*Problem description*: Look through the data that follows and copy each line with the string "Nazi".

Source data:

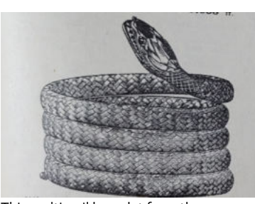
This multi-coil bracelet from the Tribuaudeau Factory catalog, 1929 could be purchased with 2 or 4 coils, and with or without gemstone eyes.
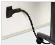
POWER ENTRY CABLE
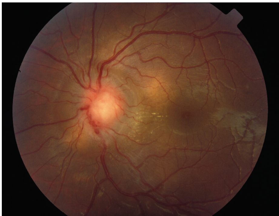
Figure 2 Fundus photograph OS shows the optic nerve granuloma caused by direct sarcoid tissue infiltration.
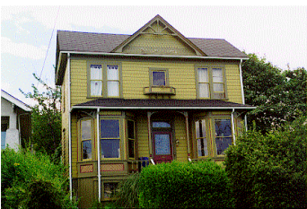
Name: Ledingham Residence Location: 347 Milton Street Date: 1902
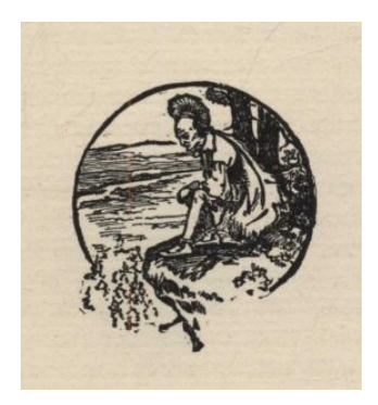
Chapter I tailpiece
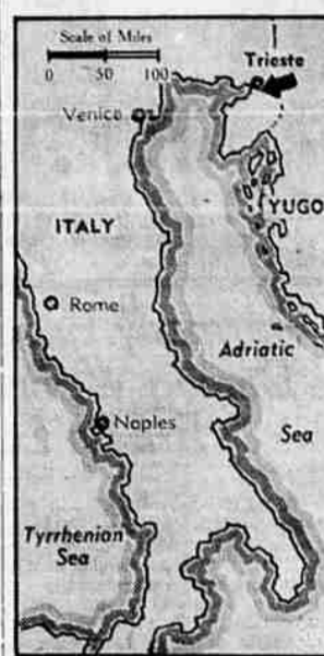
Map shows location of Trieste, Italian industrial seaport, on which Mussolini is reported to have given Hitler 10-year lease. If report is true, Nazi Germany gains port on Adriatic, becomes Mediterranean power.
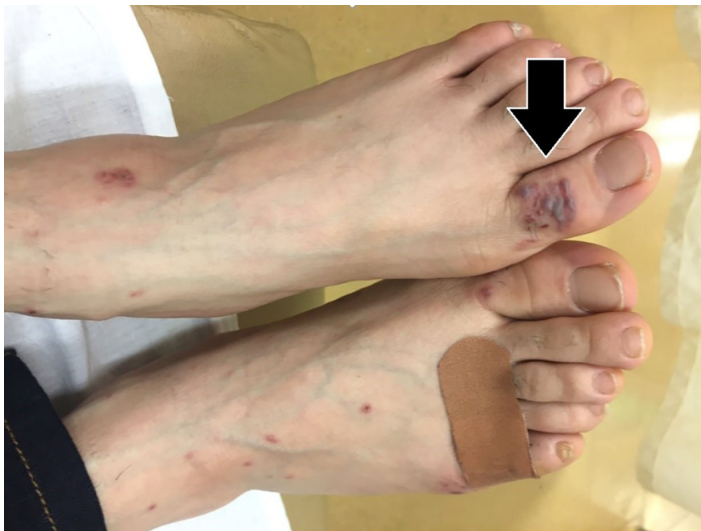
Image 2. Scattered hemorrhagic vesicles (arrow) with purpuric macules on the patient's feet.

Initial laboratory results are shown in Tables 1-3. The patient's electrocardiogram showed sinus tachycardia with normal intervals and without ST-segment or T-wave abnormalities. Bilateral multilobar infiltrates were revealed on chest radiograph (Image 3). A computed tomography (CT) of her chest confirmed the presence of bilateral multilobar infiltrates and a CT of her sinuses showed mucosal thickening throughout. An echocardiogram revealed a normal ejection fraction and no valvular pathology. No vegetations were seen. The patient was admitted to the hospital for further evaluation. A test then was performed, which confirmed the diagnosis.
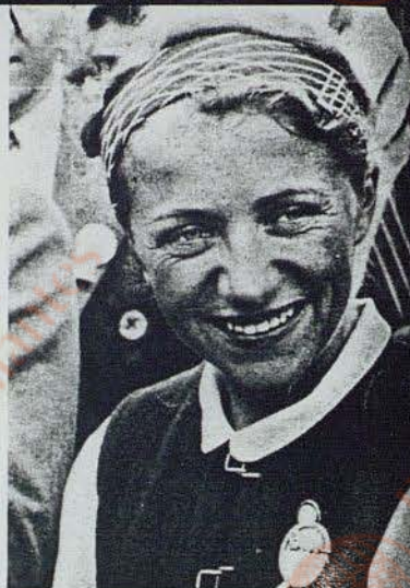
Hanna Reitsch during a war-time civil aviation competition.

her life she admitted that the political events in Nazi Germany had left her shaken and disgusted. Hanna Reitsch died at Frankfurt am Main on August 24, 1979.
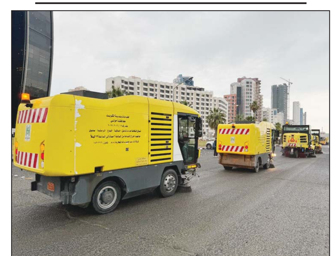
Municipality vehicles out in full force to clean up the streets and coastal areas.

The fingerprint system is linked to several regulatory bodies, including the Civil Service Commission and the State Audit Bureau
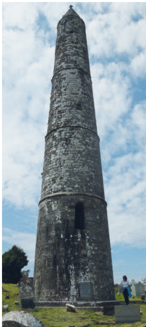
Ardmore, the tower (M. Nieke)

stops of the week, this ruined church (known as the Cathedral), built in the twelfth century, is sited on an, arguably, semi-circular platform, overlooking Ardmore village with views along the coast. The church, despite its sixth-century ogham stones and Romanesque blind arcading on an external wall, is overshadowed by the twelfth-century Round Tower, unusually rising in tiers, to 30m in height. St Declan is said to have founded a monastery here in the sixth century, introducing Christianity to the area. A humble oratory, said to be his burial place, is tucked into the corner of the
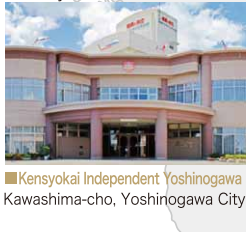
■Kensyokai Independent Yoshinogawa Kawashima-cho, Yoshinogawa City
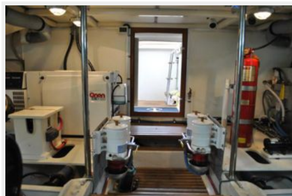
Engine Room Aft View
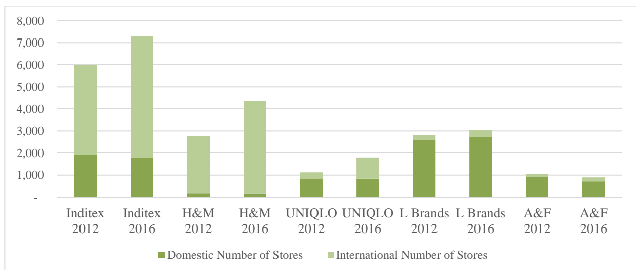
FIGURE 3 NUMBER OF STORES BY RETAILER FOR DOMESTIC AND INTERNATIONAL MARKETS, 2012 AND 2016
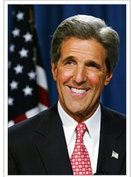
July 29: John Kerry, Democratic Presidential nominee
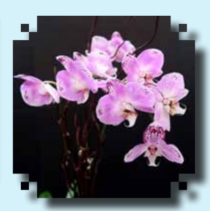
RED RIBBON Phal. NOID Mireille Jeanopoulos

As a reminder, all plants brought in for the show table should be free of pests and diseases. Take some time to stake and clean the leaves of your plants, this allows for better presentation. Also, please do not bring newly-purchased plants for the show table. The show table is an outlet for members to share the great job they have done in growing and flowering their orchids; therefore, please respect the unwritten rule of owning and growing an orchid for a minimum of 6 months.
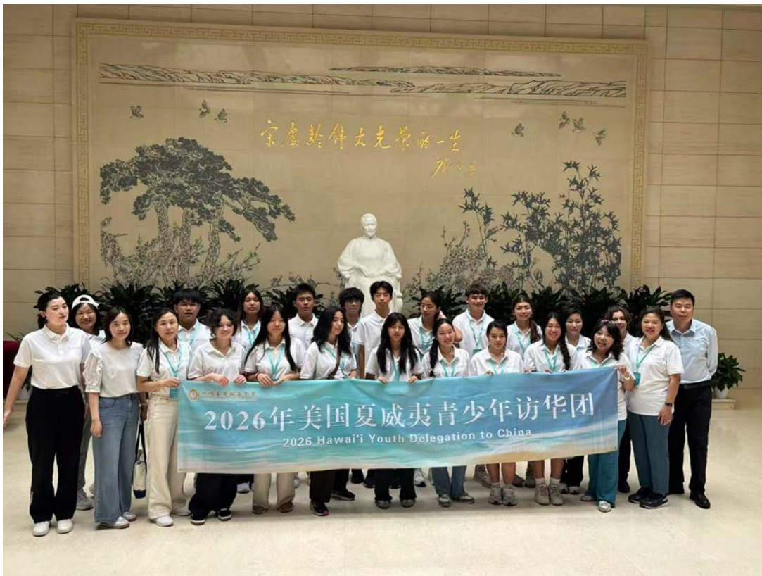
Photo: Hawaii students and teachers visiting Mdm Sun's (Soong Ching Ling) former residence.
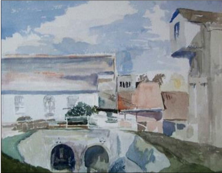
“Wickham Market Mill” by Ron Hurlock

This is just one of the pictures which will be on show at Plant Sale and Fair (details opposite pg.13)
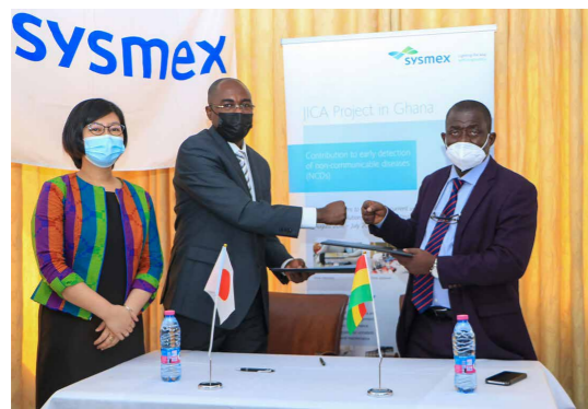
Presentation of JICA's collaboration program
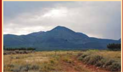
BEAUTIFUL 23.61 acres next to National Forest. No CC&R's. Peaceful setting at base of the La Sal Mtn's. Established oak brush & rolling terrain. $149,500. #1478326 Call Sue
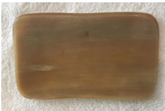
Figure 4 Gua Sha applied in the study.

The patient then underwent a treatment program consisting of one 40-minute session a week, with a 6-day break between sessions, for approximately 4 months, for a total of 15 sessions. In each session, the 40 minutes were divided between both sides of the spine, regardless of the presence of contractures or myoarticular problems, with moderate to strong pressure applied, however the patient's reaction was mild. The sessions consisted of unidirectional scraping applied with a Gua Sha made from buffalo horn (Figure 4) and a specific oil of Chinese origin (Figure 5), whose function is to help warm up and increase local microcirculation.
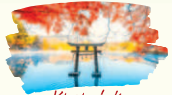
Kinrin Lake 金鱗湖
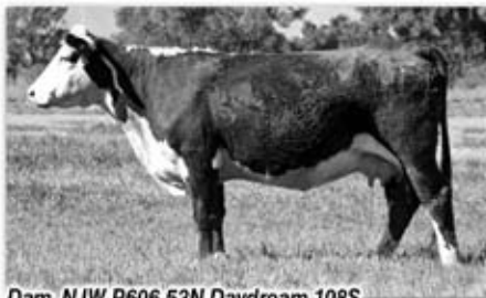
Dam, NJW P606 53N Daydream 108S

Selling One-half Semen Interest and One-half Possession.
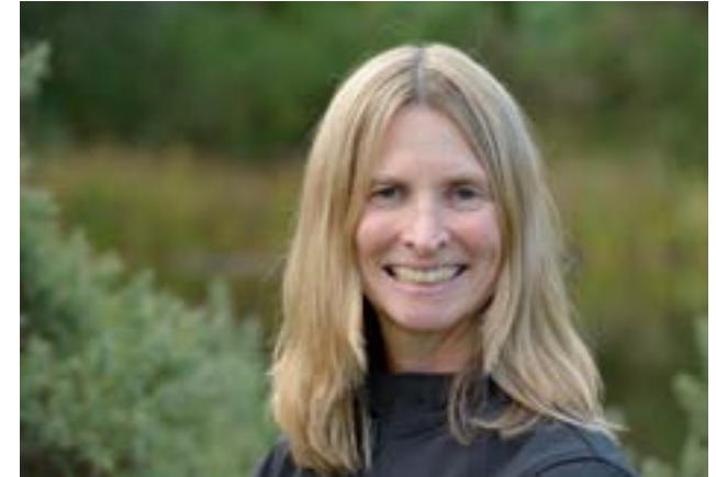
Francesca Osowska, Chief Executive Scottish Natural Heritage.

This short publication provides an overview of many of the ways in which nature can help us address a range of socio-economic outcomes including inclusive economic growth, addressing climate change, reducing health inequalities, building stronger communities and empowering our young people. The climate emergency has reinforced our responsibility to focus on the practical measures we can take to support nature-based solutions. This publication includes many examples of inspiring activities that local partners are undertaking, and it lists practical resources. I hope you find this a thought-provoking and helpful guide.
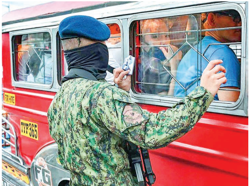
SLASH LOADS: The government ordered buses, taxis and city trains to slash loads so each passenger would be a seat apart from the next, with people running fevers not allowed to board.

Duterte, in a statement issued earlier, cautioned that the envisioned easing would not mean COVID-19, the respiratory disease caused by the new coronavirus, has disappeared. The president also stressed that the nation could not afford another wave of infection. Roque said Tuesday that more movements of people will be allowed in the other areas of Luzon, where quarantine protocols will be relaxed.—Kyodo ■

*Answer to this task*:
Map shows location of Trieste, Italian industrial seaport, on which Mussolini is reported to have given Hitler 10-year lease. If report is true, Nazi Germany gains port on Adriatic, becomes Mediterranean power.
her life she admitted that the political events in Nazi Germany had left her shaken and disgusted. Hanna Reitsch died at Frankfurt am Main on August 24, 1979.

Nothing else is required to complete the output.